Steroid anti-inflammatory drugs such as dexamethasone and prednisone are widely used to treat conditions such as allergies, asthma, autoimmune diseases, cancer – and now, COVID-19. Yet they can have harmful side effects on the skin, bones and metabolism.

The side effects are thought to come from a molecular mechanism that is separate from the anti-inflammatory one, and scientists have envisioned that it may be possible to divide the two. A new paper in PNAS from Emory biochemist Eric Ortlund’s lab sketches out how one potential alternative may work.

Synthetic corticosteroids mimic the action of the stress hormone cortisol; both bind the glucocorticoid receptor (GR) protein. Ortlund’s group obtained structural information on how vamorolone, an experimental drug, sticks to the part of GR that binds hormones.

The American company ReveraGen and Swiss partner Santhera are developing vamorolone for Duchenne muscular dystrophy, but it is possible to envision several other conditions such as ulcerative colitis for which vamorolone or a similar drug could be helpful. Vamorolone is NOT approved by the FDA for Duchenne muscular dystrophy or any other indication.

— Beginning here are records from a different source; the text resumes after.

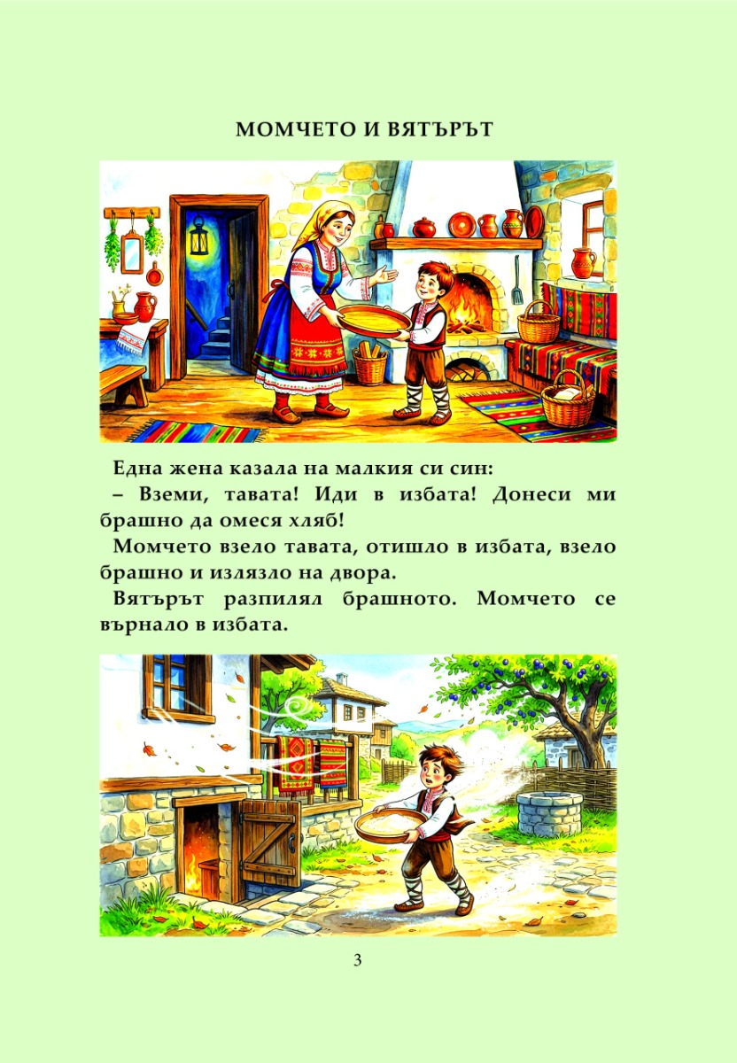 В настоящата книжка ще прочетете приказките за момчето и вятъра и за работливия кос. Приятно четене!
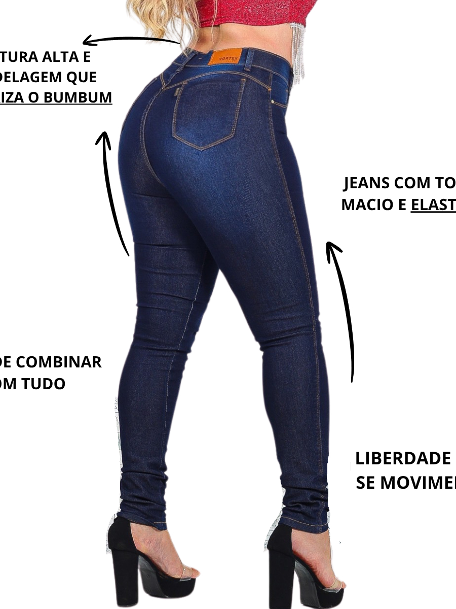 Calça Jeans Com Lycra Feminina Cintura Alta
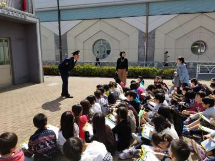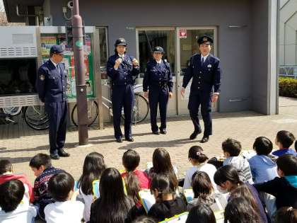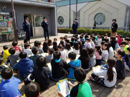 ただ今、3年1組と4組は社会科の学習の一環で、祖師谷大蔵交番に見学に来ています。
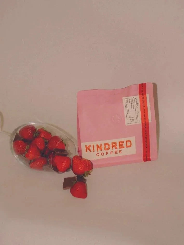 A clear plastic container of fresh strawberries, a pink bag of Kindred Coffee, and a small piece of chocolate on a pink surface.
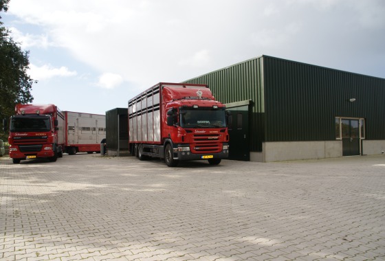 In 2010 zijn wij overgegaan naar een nieuwe locatie aan de A1 bij Bathmen. Op de nieuwe locatie hebben wij ons transport bedrijf uitgebreid met een export verzamelplaats en een reinigings- en ontsmettingsplaats. De export verzamelplaats is geschikt voor het verzamelen van rundvee, hierbij bieden wij de mogelijkheid runderen klaar te zetten voor export naar het buitenland. Tevens wordt de verzamelplaats gebruikt om runderen te verzamelen voor diverse slachterijen in Nederland. Hieraan gekoppeld is de reinigings- en ontsmettingsplaats. Iedere wagen die bij ons lost, wordt volgens de regels van de Nederlandse Voedsel en Waren Autoriteit (NVWA) gereinigd en ontsmet. Tevens bieden wij de mogelijkheid om veewagens voor de 2de maal te ontsmetten indien er sprake is van een dierziekte of als de NVWA dat vereist. Contact gegevens: Schoemaker Veetransport Marsdijk 2a 7437 RX Bathmen 0570-541307 info@schoemakerveetransport.nl
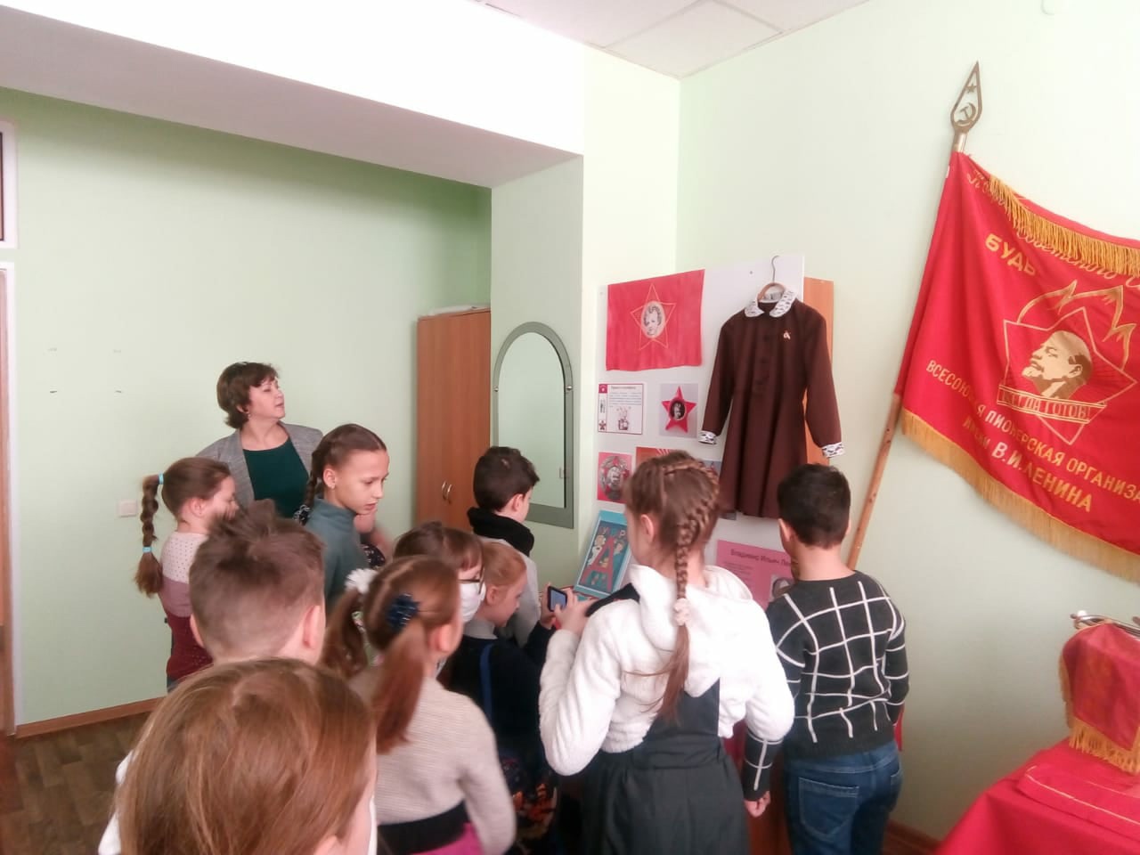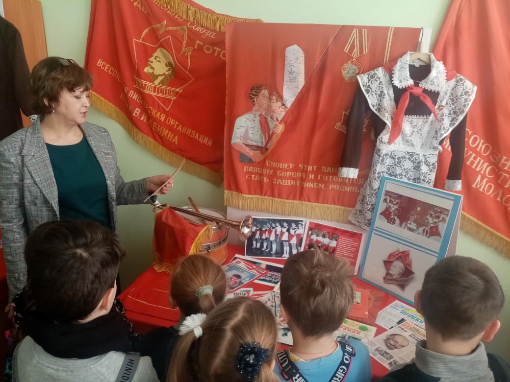 Экскурсию по музею провела Гимазетдинова Р.В., которая увлекательно рассказала детям, кто такие октябрята, пионеры, комсомольцы, также показала атрибуты этих организаций. Затем ребята смогли ознакомиться с новогодними игрушками, гирляндами , которые использовались во времена СССР. Ребята остались в восторге от проведенной экскурсии.
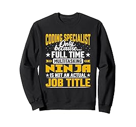 - Perfect to Wear in Your Office or Working Place & Show How You Love & Dedicated to Your Job. This Design Shows the Text "Coding Specialist Only Because Full-Time Multitasking Ninja Is Not an Actual Job Title". This Job Title Design Is the Perfect Gift Idea for Every Coding Specialist or Expert

As far as its interaction with GR, what sets vamorolone apart from conventional corticosteroids is quite subtle: a missing hydrogen bond. This means that GR doesn’t interact as well with various partner proteins, which are needed to turn on genes involved in processes such as metabolism and bone growth.  However, the anti-inflammatory effects result mainly from turning inflammatory and immune system genes off, and those interactions are maintained. More on that distinction here and here.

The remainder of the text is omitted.